The data.

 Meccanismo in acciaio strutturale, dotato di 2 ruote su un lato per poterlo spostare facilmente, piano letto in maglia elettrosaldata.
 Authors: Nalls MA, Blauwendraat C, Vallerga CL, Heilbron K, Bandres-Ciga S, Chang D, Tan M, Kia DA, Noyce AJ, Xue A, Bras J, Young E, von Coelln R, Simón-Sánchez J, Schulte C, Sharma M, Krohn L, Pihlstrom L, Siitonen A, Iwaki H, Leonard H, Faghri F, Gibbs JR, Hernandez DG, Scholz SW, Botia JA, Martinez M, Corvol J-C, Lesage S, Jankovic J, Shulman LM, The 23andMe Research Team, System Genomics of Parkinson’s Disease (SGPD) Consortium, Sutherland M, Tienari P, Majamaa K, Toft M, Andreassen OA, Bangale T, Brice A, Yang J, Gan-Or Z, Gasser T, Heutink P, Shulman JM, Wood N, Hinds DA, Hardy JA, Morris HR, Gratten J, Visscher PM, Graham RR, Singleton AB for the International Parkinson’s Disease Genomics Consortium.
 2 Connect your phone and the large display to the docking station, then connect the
--
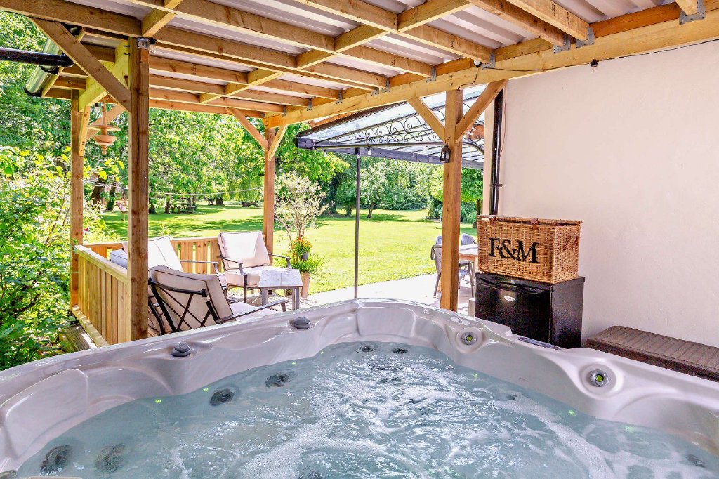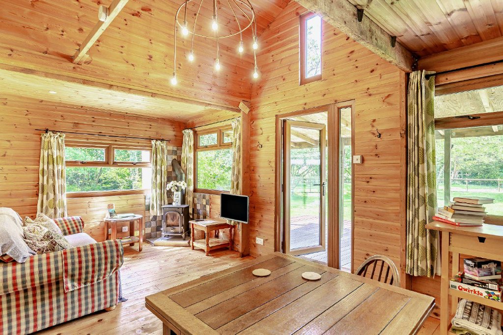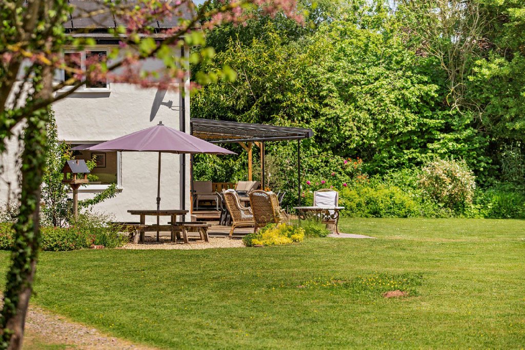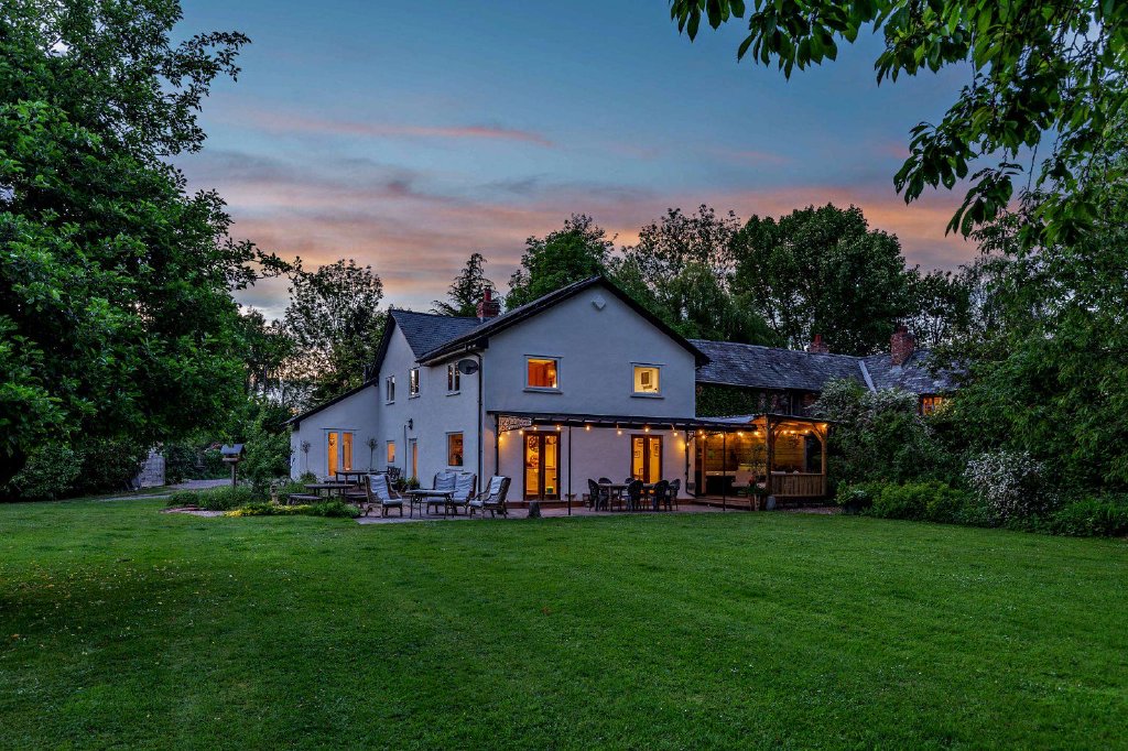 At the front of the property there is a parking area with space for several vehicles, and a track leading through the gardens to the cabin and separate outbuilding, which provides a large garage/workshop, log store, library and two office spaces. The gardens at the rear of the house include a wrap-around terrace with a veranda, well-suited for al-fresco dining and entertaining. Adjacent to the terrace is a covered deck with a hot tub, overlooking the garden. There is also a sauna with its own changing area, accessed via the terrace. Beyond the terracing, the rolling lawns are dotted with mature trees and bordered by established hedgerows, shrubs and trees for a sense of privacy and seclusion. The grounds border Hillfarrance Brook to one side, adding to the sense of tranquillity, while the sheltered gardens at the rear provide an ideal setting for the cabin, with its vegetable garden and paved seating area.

What you need to do.
In the entries above, one line contains "Meccanismo in acciaio" and another contains "Authors: Nalls MA, Blauwendraat". Reproduce exactly those two lines and the lines between them, nothing else.

Result of this exercise.
 Meccanismo in acciaio strutturale, dotato di 2 ruote su un lato per poterlo spostare facilmente, piano letto in maglia elettrosaldata.
 Authors: Nalls MA, Blauwendraat C, Vallerga CL, Heilbron K, Bandres-Ciga S, Chang D, Tan M, Kia DA, Noyce AJ, Xue A, Bras J, Young E, von Coelln R, Simón-Sánchez J, Schulte C, Sharma M, Krohn L, Pihlstrom L, Siitonen A, Iwaki H, Leonard H, Faghri F, Gibbs JR, Hernandez DG, Scholz SW, Botia JA, Martinez M, Corvol J-C, Lesage S, Jankovic J, Shulman LM, The 23andMe Research Team, System Genomics of Parkinson’s Disease (SGPD) Consortium, Sutherland M, Tienari P, Majamaa K, Toft M, Andreassen OA, Bangale T, Brice A, Yang J, Gan-Or Z, Gasser T, Heutink P, Shulman JM, Wood N, Hinds DA, Hardy JA, Morris HR, Gratten J, Visscher PM, Graham RR, Singleton AB for the International Parkinson’s Disease Genomics Consortium.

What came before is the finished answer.